|Miles is going to have to ask
you to CTFO.
In the past I was regarded as kind of a loud player- I forgot how much, until recently before a gig, when the club owner asked if we would please keep the volume of the drums low, the band leader- who knew me in college- burst out laughing. “Oh, right, I’m the guy who used to practice my sambas at fff for 90 minutes straight. I forgot.” For many of the intervening years it was something of a struggle to come down to the requested level on some things- often I would suffer from a lack of control, or wouldn’t be able to maintain it once the music started feeling good.
No more. I now declare myself to be an expert on playing softly, ever since I was able to play a date sitting two feet away from a violinist and a bassoonist, play everything I wanted (this was an actual blowing gig), and have them leave at the end of the night not only on speaking terms with me, but actually happy. QED.

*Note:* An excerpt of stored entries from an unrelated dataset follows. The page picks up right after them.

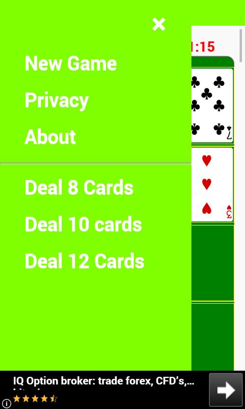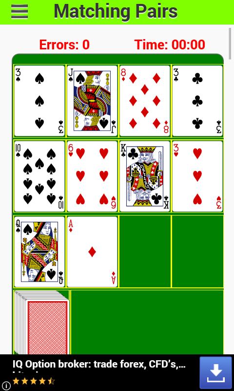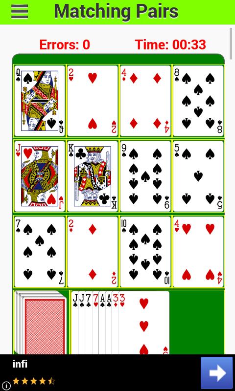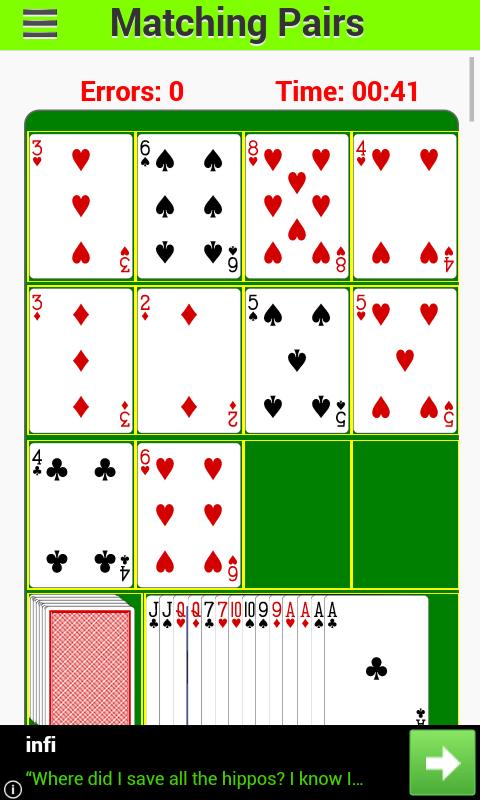 Es handelt sich um acht (8), zehn (10) oder zwölf (12) Karten aus dem Deck. Der Spieler entfernt zwei (2) Karten, die den gleichen Gesichtswert haben, indem sie nacheinander tippen oder darauf klicken. Beispielsweise wäre das Klicken auf sechs (6) Diamond und dann sechs (6) Clubs korrekt. Die beiden Karten werden automatisch durch neue Karten aus dem Deck ersetzt. Dies wird wiederholt, bis alle Karten vom Deck ausgehandelt werden. Zu diesem Zeitpunkt ist das Spiel vorbei.
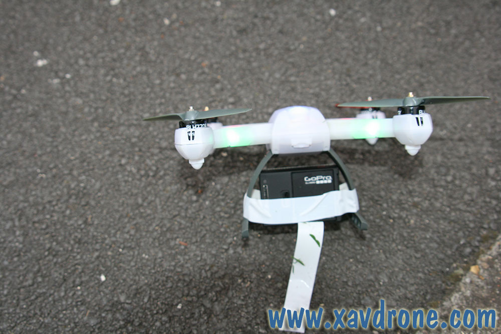 Prendre du ruban adhésif résistant et souple (ça serait dommage qu’il lâche en plein vol) et faite un tour avec pour encercler la Gopro en entourant le train d’atterrissage. Mettez la Gopro le plus haut possible (de toutes façons vous ne pourrez pas monter de trop) pour pouvoir vous poser sans que la caméra ne touche le sol.
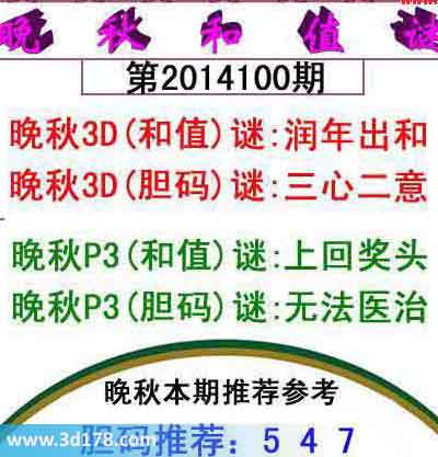 晚秋3D(和值)谜:润年出和
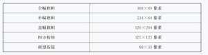 旗帜广告有多种尺寸,常见的有468×60像素、234×60像素等。具体像素见表1-1。
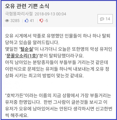 회계내역 얘기만 나오면 시간이 흘러도 작업방식은 변하질 않음 ㄸㅈ에서 자기들끼리 작업치다 본인 오유닉 발각되니 그 뒤로 사라졌던 예시 (오유닉: 날아라보드,현재 탈퇴)
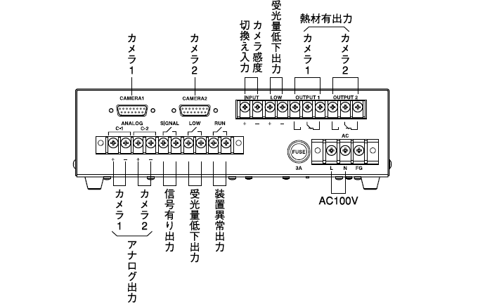 | 受光量低下出力(LOW) | フォトカプラ出力 Vce≦DC80V、lc≦DC50mA 1点(各カメラのOR) | |
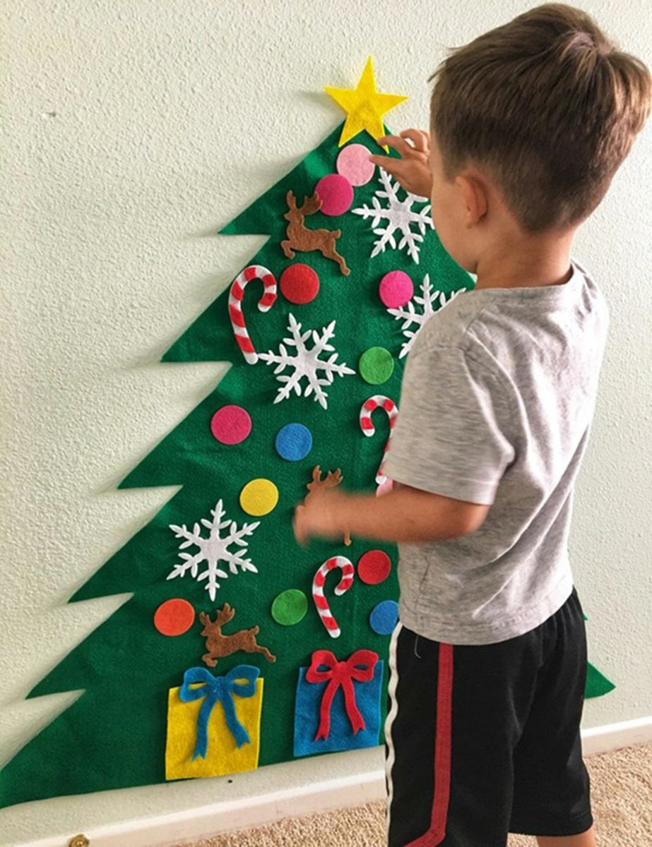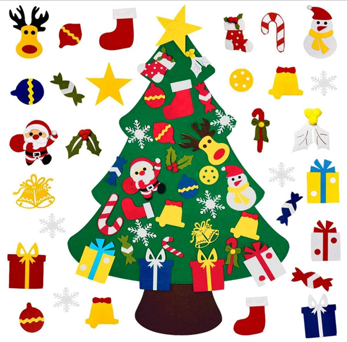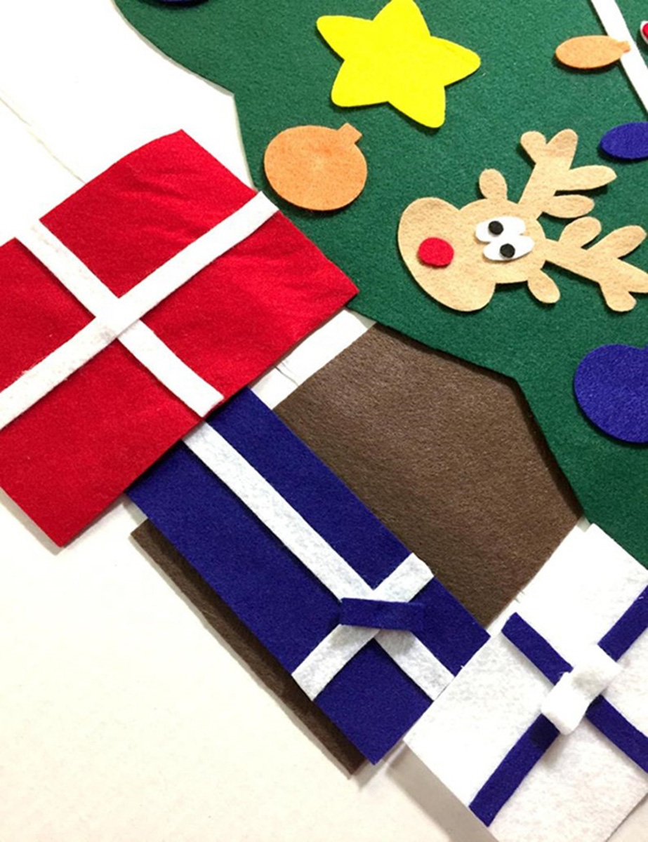 Veltinio medžiagos Kalėdų eglutė vaikams. Puikus žaislas, lavinantis mažiausio kūrybiškumą. Įrengta 30 nuimamų papuošalų, kuriuos galima pritvirtinti ir atsegti bet kurioje eglutės vietoje. Pagaminta iš lengvos ir saugios medžiagos (veltinis). Specialus pakabukas leidžia pakabinti ant sienos.
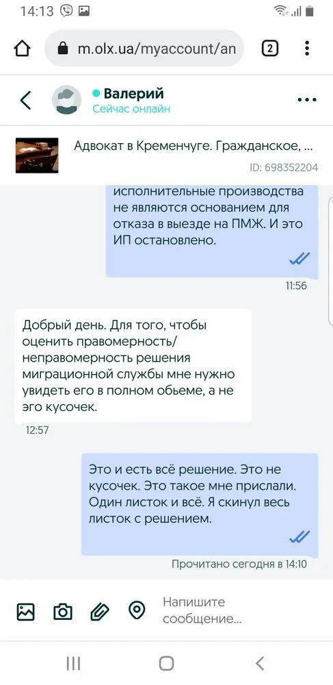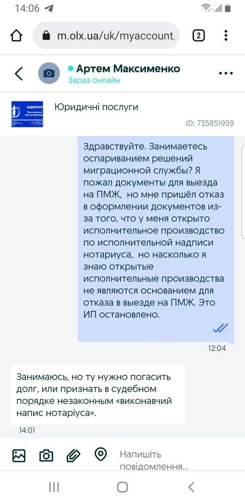 Обратился я к адвокатам из своего города о помощи , чтобы подать иск против миграционной службы и её действий. На скриншотах предоставляю ответы адвокатов. Выводы делайте сами.
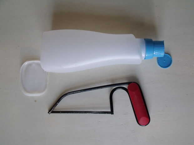 Con la Sierra de mano corte fondo de la botella y parte superior de la tapa
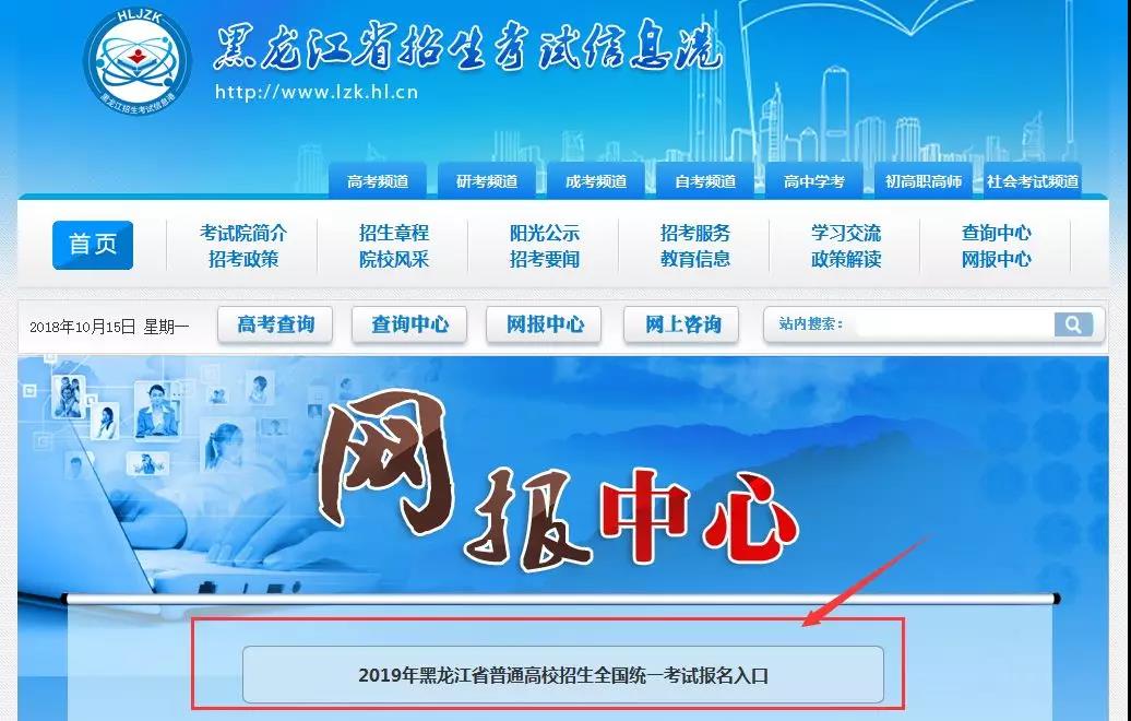 考生登錄黑龍江省招生考試信息港(www.lzk.hl.cn)后,進入網報中心,點擊2019年黑龍江省普通高校招生全國統一考試報名入口:
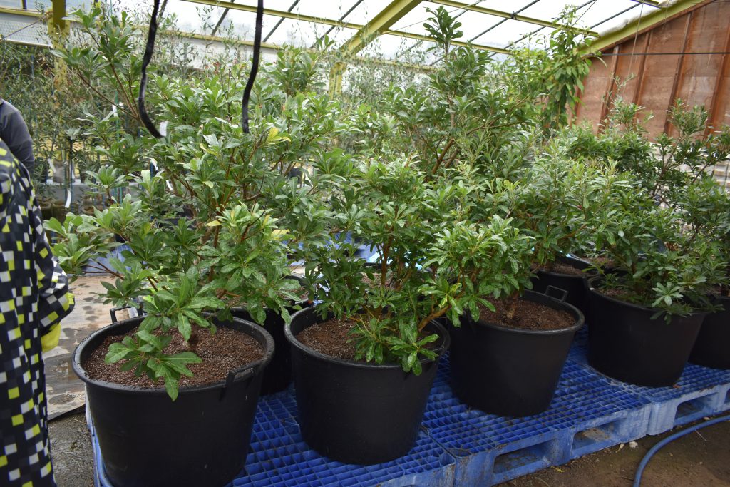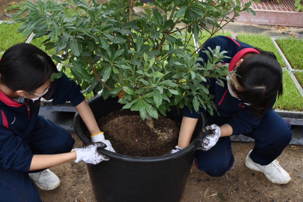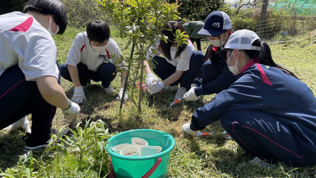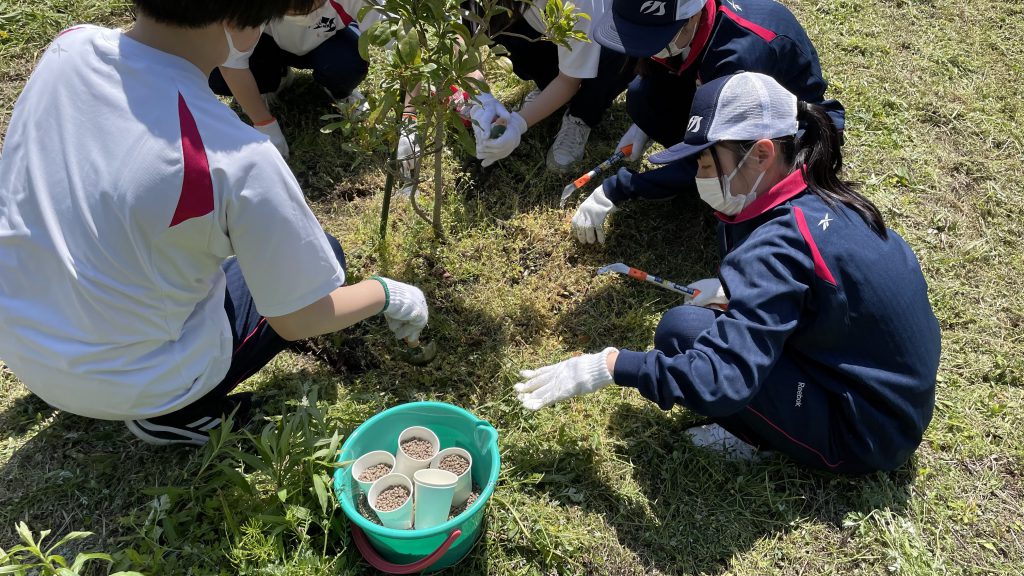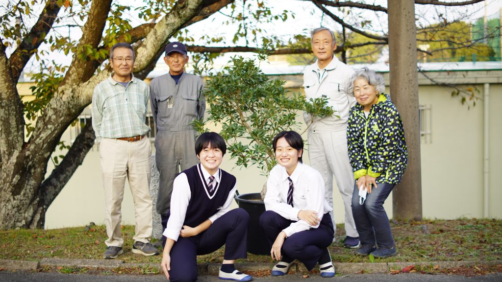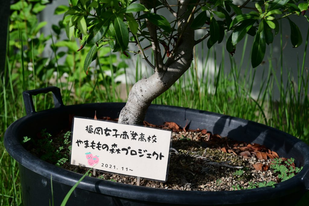 ・講師指導のもと低木の鉢植え10本での栽培に挑戦し、福岡女子商業高校の校庭に鉢植えの苗木を移植し、高校生の手で水やりなどをして育ててもらっています。
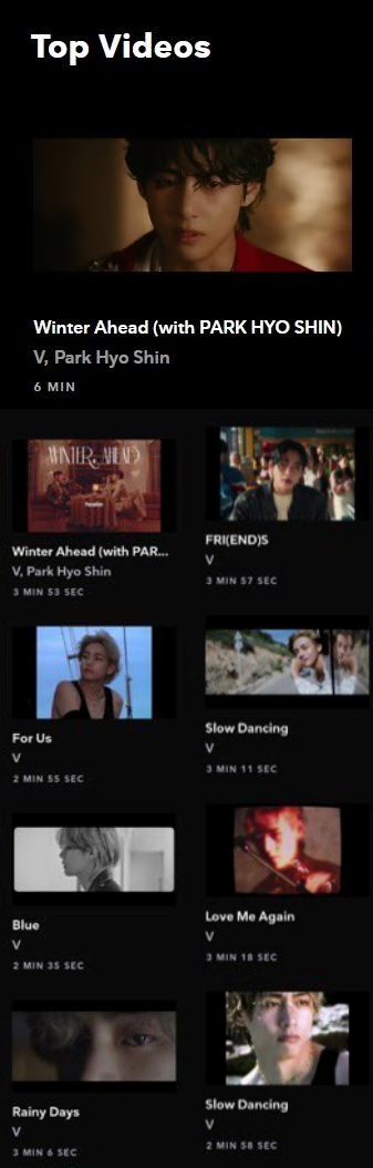 브라질 '타이달 톱 비디오'차트에는 1위에 'Winter Ahead'를 비롯해 '톱 10'에 9곡이 뷔의 솔로곡이 차지했다. 'Winter Ahead'에 이어 2위에 'Winter Ahead(YUNSEOKCHEOL TRIO Ver.)', 3위에는 'FRI(END)S', 4위 '포 어스', 5위 '슬로우 댄싱', 6위 '블루', 7위 '러브 미 어게인', 8위 '레이니 데이즈', 9위 '슬로우 댄싱(FRNK Remix)'이 뒤를 이었다.
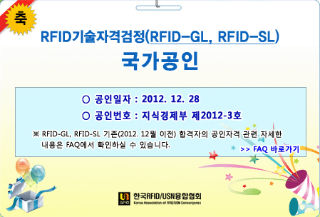 RFID기술자격검정이 지식경제부로부터 국가공인을 받아 2013년부터 국가공인 자격으로 시행된다. 이번 국가공인 받은 자격검증은 RFID-GL, RFID-SL로 2개 등급이다.
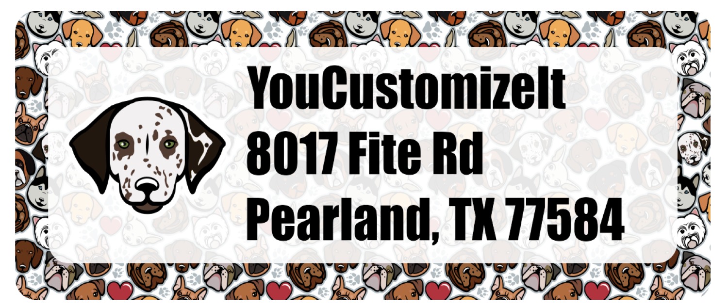 We chose a maroon ribbon with hearts and a square label. We chose the graphic and text for the label contents and featured the Dalmatian / Terrier face along with a name to personalized it.
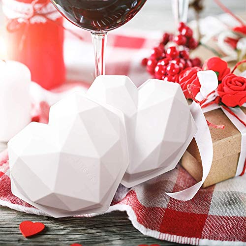 FANDE Stampo in Silicone a Forma di Cuore, Stampo per Torta a Forma di Cuore con Diamante 3D, Stampo per Cioccolato, Stampo per Mousse, Strumenti di Cottura DIY di San Valentino, 2PCS

So, I thought I’d share a few things that helped me when I decided I needed to get this part of my playing together once and for all:
Lower your stick heights. Do your pad practice keeping everything in the 1-6″ range, dedicating a significant amount of time to practicing in the <1″-3″ range. Using a mirror helps. Learning to play without lifting the stick before every note will help keep your volume from creeping up. Spend some time cleaning up your full strokes, down strokes, taps, and up strokes, so every note you play ends with your stick in place for the next note. You can’t be thinking this way at the drum set, but if you work on it on the pad it will get things moving in the right direction.
Simplify. If you’re accustomed to playing a lot of ghost notes, busy ride patterns and other filler, lose most of that. At low volumes your dynamics become compressed, so your ghost notes will not be much softer than your primaries; the effect is similar to playing mf+ ghost notes along with a f funk groove; it’s nobody’s idea of funky.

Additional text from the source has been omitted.